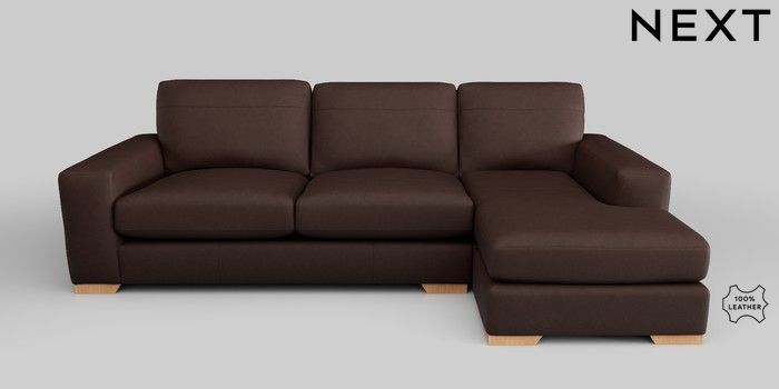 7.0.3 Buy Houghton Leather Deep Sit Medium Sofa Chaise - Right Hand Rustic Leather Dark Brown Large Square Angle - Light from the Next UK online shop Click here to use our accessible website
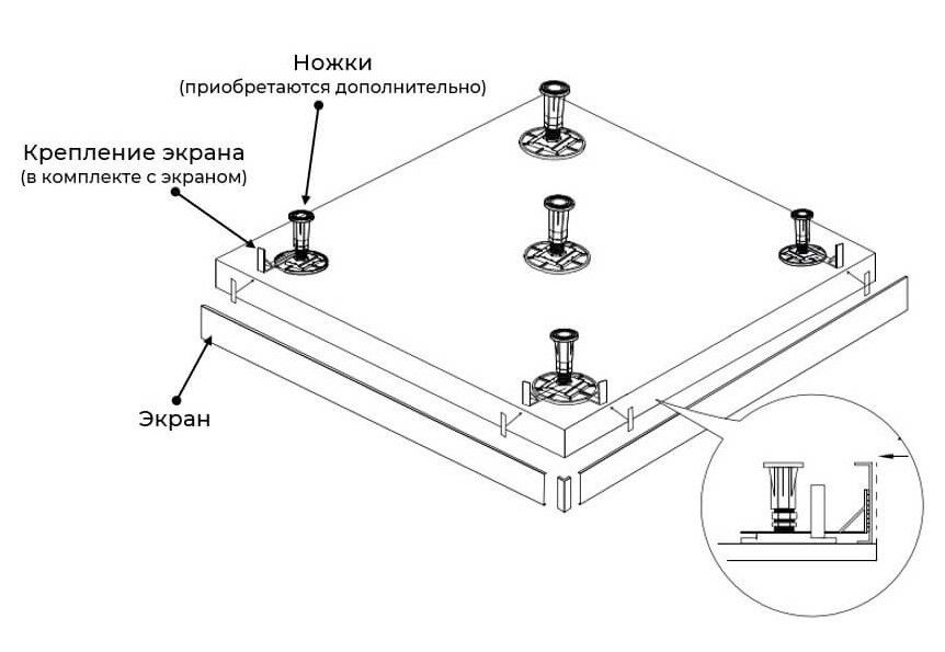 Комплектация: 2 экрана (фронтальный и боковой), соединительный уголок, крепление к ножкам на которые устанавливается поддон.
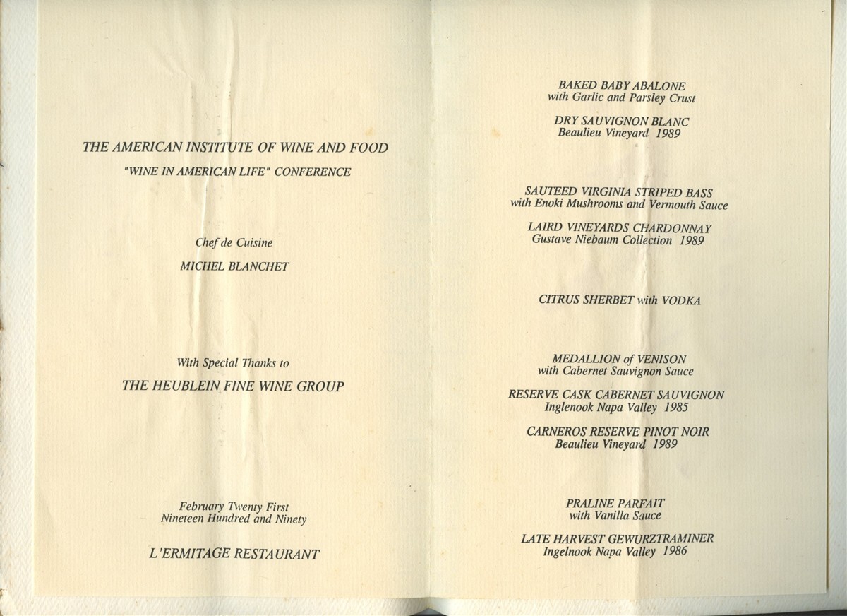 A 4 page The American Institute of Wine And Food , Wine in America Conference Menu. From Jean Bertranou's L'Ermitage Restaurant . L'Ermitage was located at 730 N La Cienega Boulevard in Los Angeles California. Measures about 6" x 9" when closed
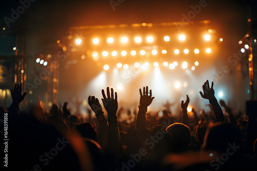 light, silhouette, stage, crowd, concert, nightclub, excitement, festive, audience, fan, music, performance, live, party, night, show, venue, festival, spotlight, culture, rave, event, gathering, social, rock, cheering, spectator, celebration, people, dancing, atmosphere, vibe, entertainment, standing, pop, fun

* _Required action_
Copy the data above line for line, skipping every picture.

* _Finished task_
 7.0.3 Buy Houghton Leather Deep Sit Medium Sofa Chaise - Right Hand Rustic Leather Dark Brown Large Square Angle - Light from the Next UK online shop Click here to use our accessible website
 Комплектация: 2 экрана (фронтальный и боковой), соединительный уголок, крепление к ножкам на которые устанавливается поддон.
 A 4 page The American Institute of Wine And Food , Wine in America Conference Menu. From Jean Bertranou's L'Ermitage Restaurant . L'Ermitage was located at 730 N La Cienega Boulevard in Los Angeles California. Measures about 6" x 9" when closed
 light, silhouette, stage, crowd, concert, nightclub, excitement, festive, audience, fan, music, performance, live, party, night, show, venue, festival, spotlight, culture, rave, event, gathering, social, rock, cheering, spectator, celebration, people, dancing, atmosphere, vibe, entertainment, standing, pop, fun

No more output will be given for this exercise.